Is there any kind of standard for 8086 multiprocessing?

Question

Back when I made an 8086 emulator I noticed that there was the LOCK prefix intended for synchonization in a multiprocessor environment. Yet the only multitasking I know of for the x86 arch. involves use of the APIC which didn't come around until either the Pentiums or 486s.

Was there any kind of standard for 8086 multitasking or was it done by some manufacturer specific extensions to the instruction set and/or special ports?

By standard, I mean things like: How do you separate the 2 processors if they both use the same memory? This is impossible without some kind of way to make each processor execute a different piece of code. (or cause an interrupt on only one processor)

Answer 1

Well, I'm not an expert here, but I'll try.

Something to keep in mind: Don't think "PC" or "PC architecture". Back in the day, before the IBM PC existed (let alone a standard personal computer design), Intel wasn't making PC CPU's; it was making micro-processors.
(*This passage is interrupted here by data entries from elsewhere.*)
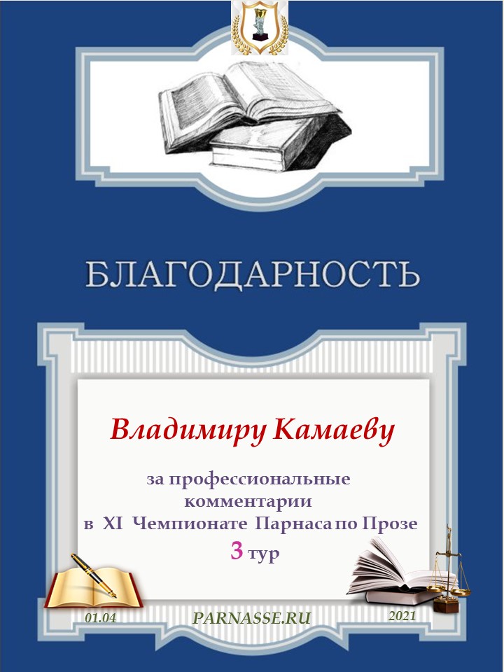 Большое спасибо за профессиональные и объективные комментарии в 1 туре XI Чемпионата Парнаса по Прозе!
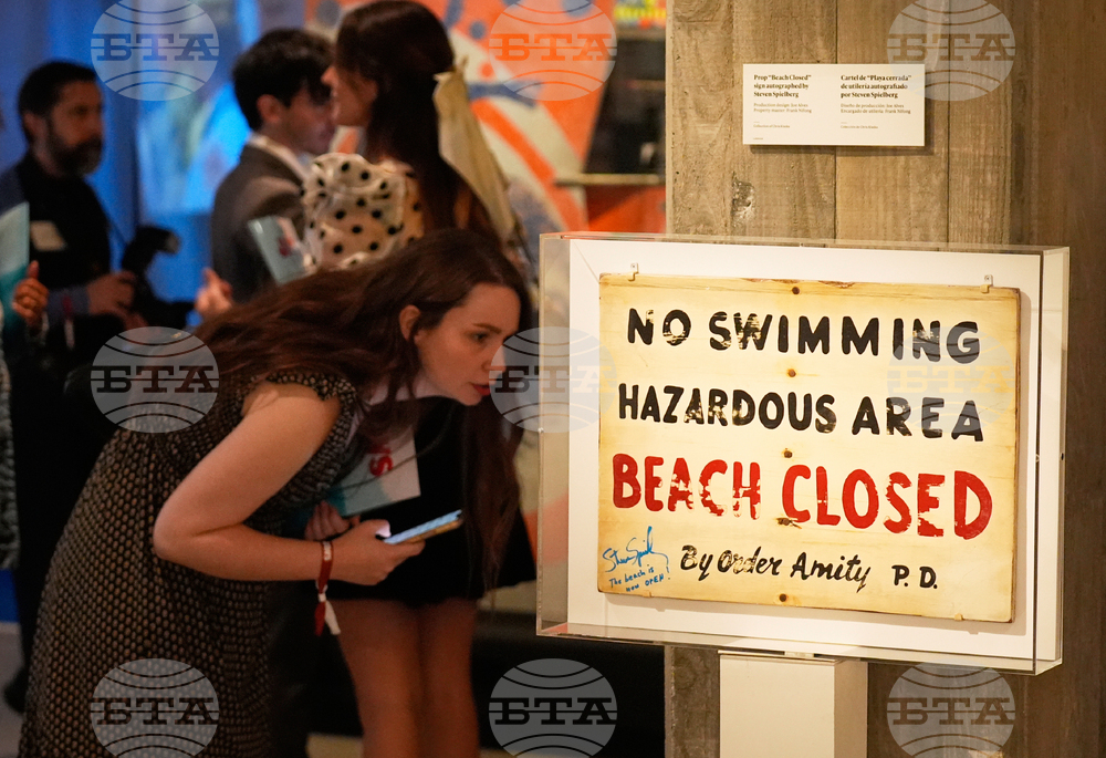 Visitors to the "Jaws: The Exhibition" press preview peruse items on display near a prop "beach closed" sign autographed by the film's director Steven Spielberg on Wednesday, Sept. 10, 2025, at the Academy Museum of Motion Pictures in Los Angeles. (AP Photo/Chris Pizzello)
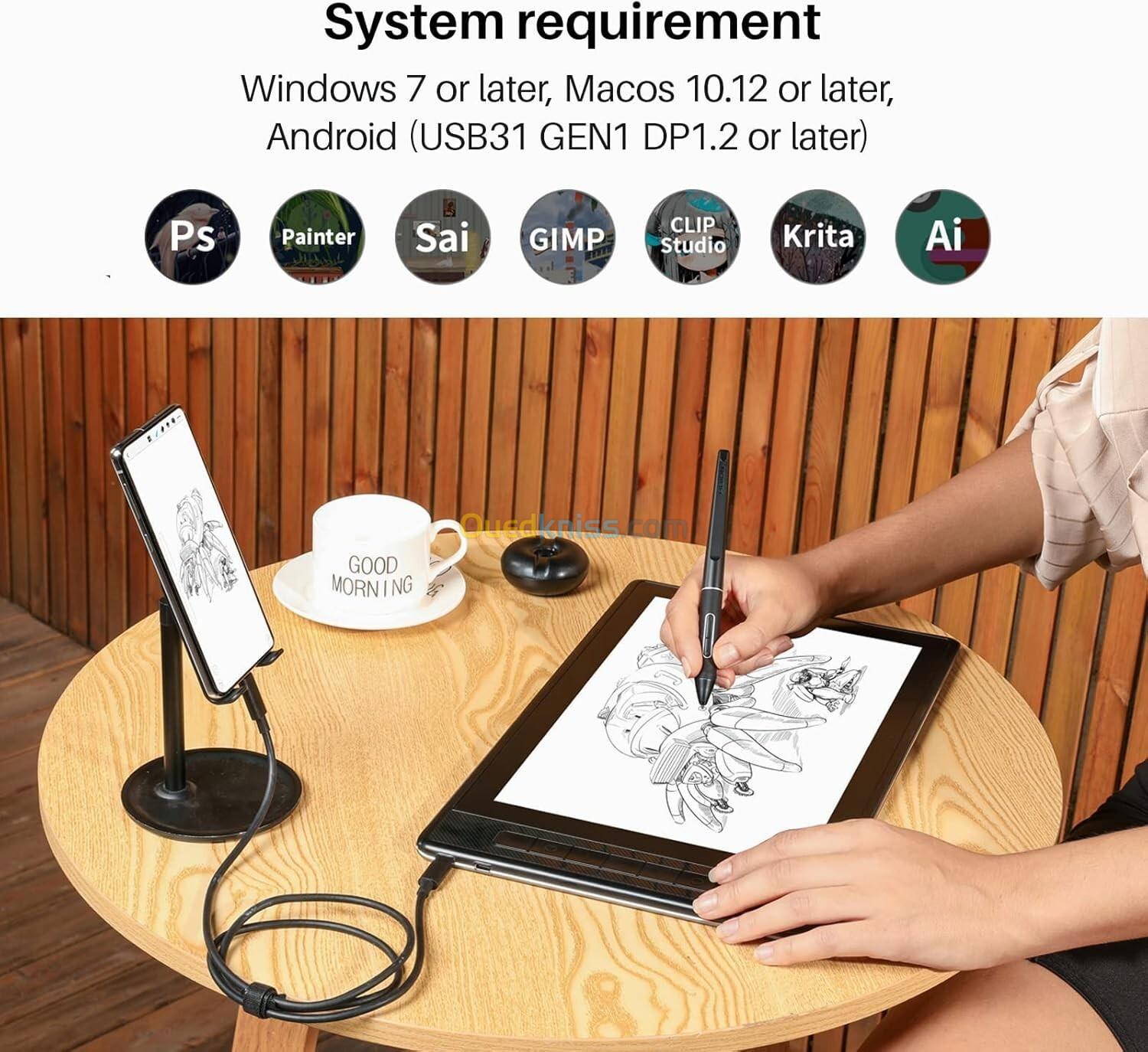 Connexion puissante : cette tablette d’art dispose d’un port USB-C qui prend en charge les signaux HDMI et DP. Vous pouvez facilement et rapidement le connecter à une grande variété d’appareils via un câble USB-C complet. Vous pouvez également utiliser le câble 3 en 2 (HDMI) qui est plus stable et durable que le câble 3 en 1. Profitez d’un espace de travail sans encombrement avec une puissante connectivité USB-C.
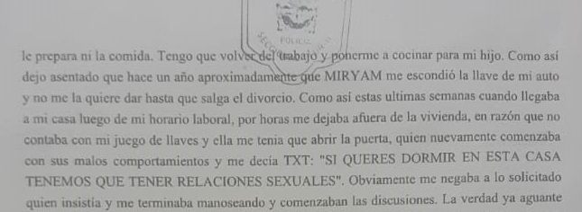“Si querés dormir en esta casa, tenemos que tener relaciones sexuales”, citó a su ex en la denuncia de la semana pasada.
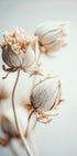 Un gros plan doux et calme de fleurs séchées dans des tons beige crémeux. Avec son minimalisme élégant et son esthétique calme, cette œuvre d'art transmet un sentiment de calme et de beauté raffinée, parfaite pour les intérieurs modernes.

There were no exact expectations on what hardware components you could combine with an 8086. You could use it to make hardware microcontrollers, electronic calculators, avionics, and -- oh, sure -- home computers.

What the LOCK prefix does (as I remember, it's been nearly 15 years since I last looked at the Intel programmer manuals) is signaling the "bus lock" line of the microprocessor for the duration of the instruction execution. Whether that had any effect, depended on what you wired to that line! Normally, yes, the line was plugged to circuitry that would prevent other components from using any of the data lines; that's what makes a bus a "bus" (but I'm not very familiar with the details).

A source of confusion is that multitasking is not the same as multiprocessor (or should we call it multicomponent?). I don't know that anybody tried to put together a PC with two 8086's plugged to the same bus, but CPUs are not the only thing wired to the bus, even in the PC architecture. For example, The software running in the 8086 might need to lock the bus when accessing a piece of memory shared with an external input device, so the external input device could not write to it at the same time the 8086 was reading it. I imagine even an old fashion PC BIOS has a fair share of this going on.

Today's multiprocessor architectures still rely on the LOCK prefix to coordinate between different processors; but that was not the primary reason why it exists and it's not its only use.

Answer 2

How do you separate the 2 processors if they both use the same memory?

If they accessed the same memory via Intel's MULTIBUS then the LOCK prefix caused exactly that kind of serialization.

If the memory was installed locally on one processor's circuit board then the LOCK prefix would not prevent other processors from coming in over the MULTIBUS and accessing this board's memory at the same time. In this configuration the programmer would have to play other games to lock the bus (and unlock the bus after finishing the memory operation).

Answer 3

Memory access at modern Intel CPUs: CPU is conectet via FSB (Front-side bus) to NorthBridge (memory controller hub). The NorthBridge share access to the memory bus, AGP and PCI (grafic) and Internal bus for connection with SouthBridge. Check diagram:

And CPU control FSB access via several hardware pins:

• PBRI# pin is used to arbitrate for ownership of FSB.
• BRO# pin is used by the processor to request the bus.
• LOCK# pin indicate locked sequence of data transaction.

EDIT I:

For 8086 CPU sistem: When CPU must share data bus and address bus with other peripheral than this is solved with DMA 8237 controller

In multiple CPU 8086 sistems the Intel Multibus IEEE 796 bus standard is in use. Check Multibus description.

EDIT II:

8086 Multy CPU systems have global (system) memory and this memory is shared via multibus. So any CPU in system has own code and data memory and access to global memory via multibus. Wheh CPU arbitrating and transferring bus control than are here serial and paralel prioryty scheme. However ther are a lot of hardware pins to controll bus access. Bus lock is made by #LOCK pin and all other CPUs will have #BUSY pin for that time on high level.